Seu pai ficava zangado, mas não fazia nada alem de lhe dar broncas. Não adiantava nada, entrava por um ouvido e saia pelo outro. Depois de um tempo, ele fazia tudo de novo, e de novo. Aquilo foi se repetindo durante algum tempo até seu corpo ser acometido por aquela maldita gripe felina. Então foi ficando cada vez mais difícil sair e suas visitas secretas foram espaçando. Desde então, fazia alguns meses que ele não ia visitá-la. Que coisa chata!


– Magali... será que ela pensa em mim ou já me esqueceu? Humpt! Com aquele gorducho em volta dela o tempo todo, é bem capaz de ela já ter me esquecido...


Chateado com esse pensamento, ele apoiou a testa no vidro da janela e ficou olhando o exterior com o olhar perdido. Por que ele não tentou passar mais tempo com ela? Bem, os desafios não deixaram e quando tudo acabou, seu namorado ficou marcando em cima e não lhes deu muito tempo para ficarem a sós. Sujeito mais irritante!


– Felicius, você não devia estar na cama? – uma voz grave chamou sua atenção. Era seu pai que tinha acabado de entrar em seu quarto, com a fisionomia preocupada.

– Eu não gosto de ficar deitado o dia inteiro, meu pai. É tão chato!

– Sei disso, mas você precisa descansar.

– E o senhor deveria estar usando uma máscara.

– Eu não vou usar uma máscara diante do meu próprio filho.

– E se o senhor ficar doente? Nosso povo precisa do rei...


Ele deu de ombros.


– Eu já vivi minha vida, mas você ainda é jovem e irá assumir o trono um dia. Sua vida é mais importante, por isso quero que se cuide.

– Não sei se isso irá adiantar. Nós sabemos que essa doença não tem cura. É um milagre eu ainda estar vivo.

– Bem, é por isso que eu ainda tenho esperanças. Você está resistindo muito bem.

– É... eu estou...


Seus olhos voltaram a contemplar o lado de fora do quarto, vazios e perdidos. O Rei Gato sabia muito bem no que seu filho estava pensando. Por que ele não conseguia esquecer aquela humana? Céus, quanta fixação! A moça o havia salvo, libertando-o e permitindo que ele voltasse ao reino. Sentir gratidão era compreensível, mas aquilo que seu filho sentia parecia beirar a obsessão.

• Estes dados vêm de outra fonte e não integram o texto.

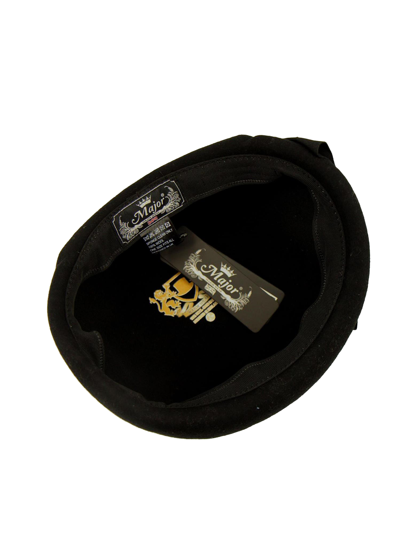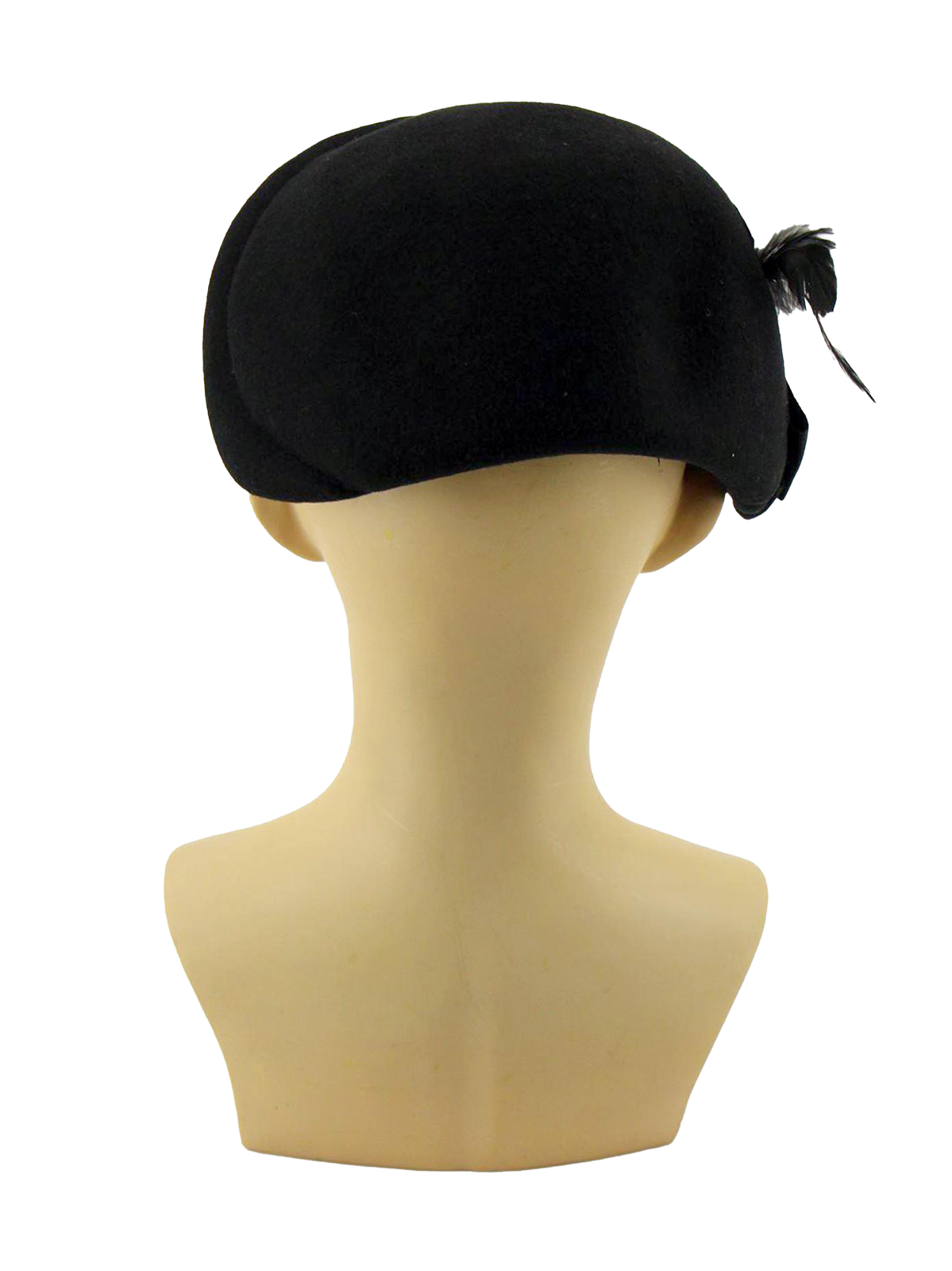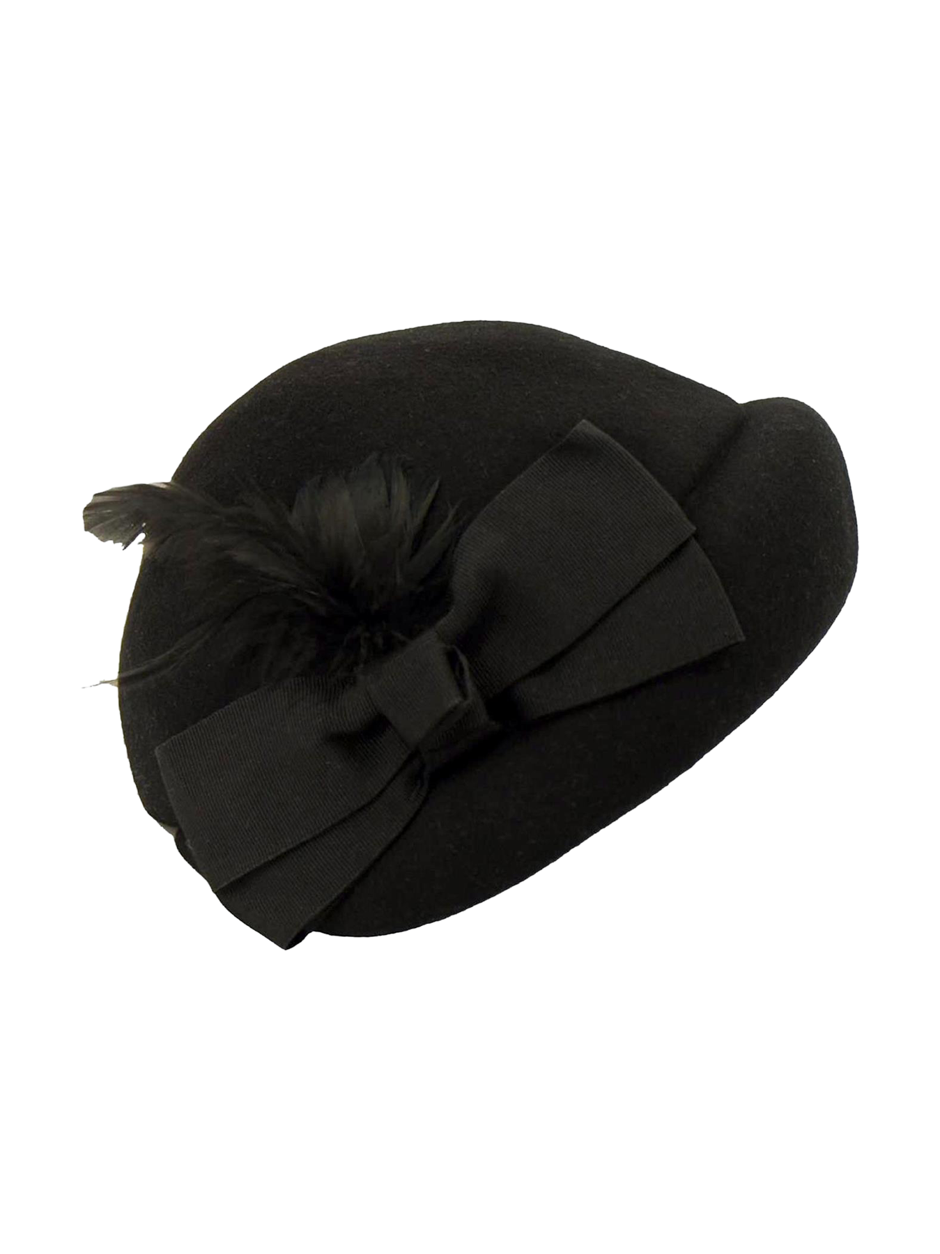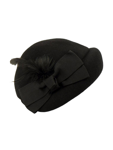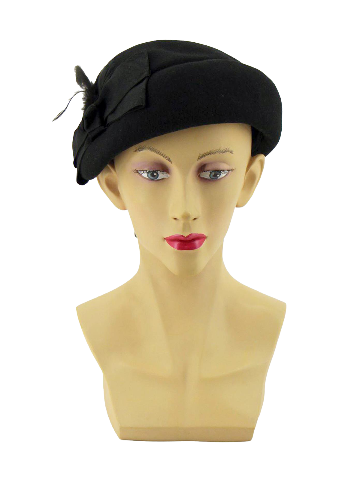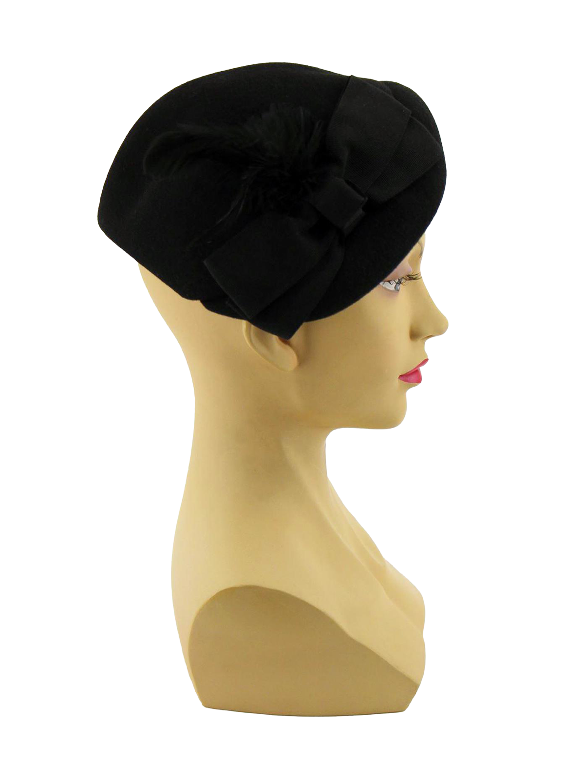 A vintage inspired 1940s half (casque) hat in dark red 100% wool felt. Trimmed to one side with a large grosgrain knotted bow and three black feathers, this sweet little design closely mirrors authentic forties styles. Finished with a water resistant coating and adjustable internal drawstring ribbons for a secure fit.

Ele sabia muito bem das suas escapadas para ficar observando a moça. Suas broncas pareciam não fazer nenhum efeito. Vigiar também não. Como todo bom gato, ele sempre arrumava um jeito de escapar.


– Melhor você voltar para a cama.

– Mas...

– Não tem “mas”. É preciso que você descanse. O médico irá vê-lo daqui a pouco. É uma ordem.


O rapaz estava muito desanimado para continuar discutindo e achou mais fácil obedecer. Ficar ali em pé também não ia lhe adiantar de nada.


“Magali... por favor, pelo menos não me esqueça...” foi seu ultimo pensamento antes de cair no sono.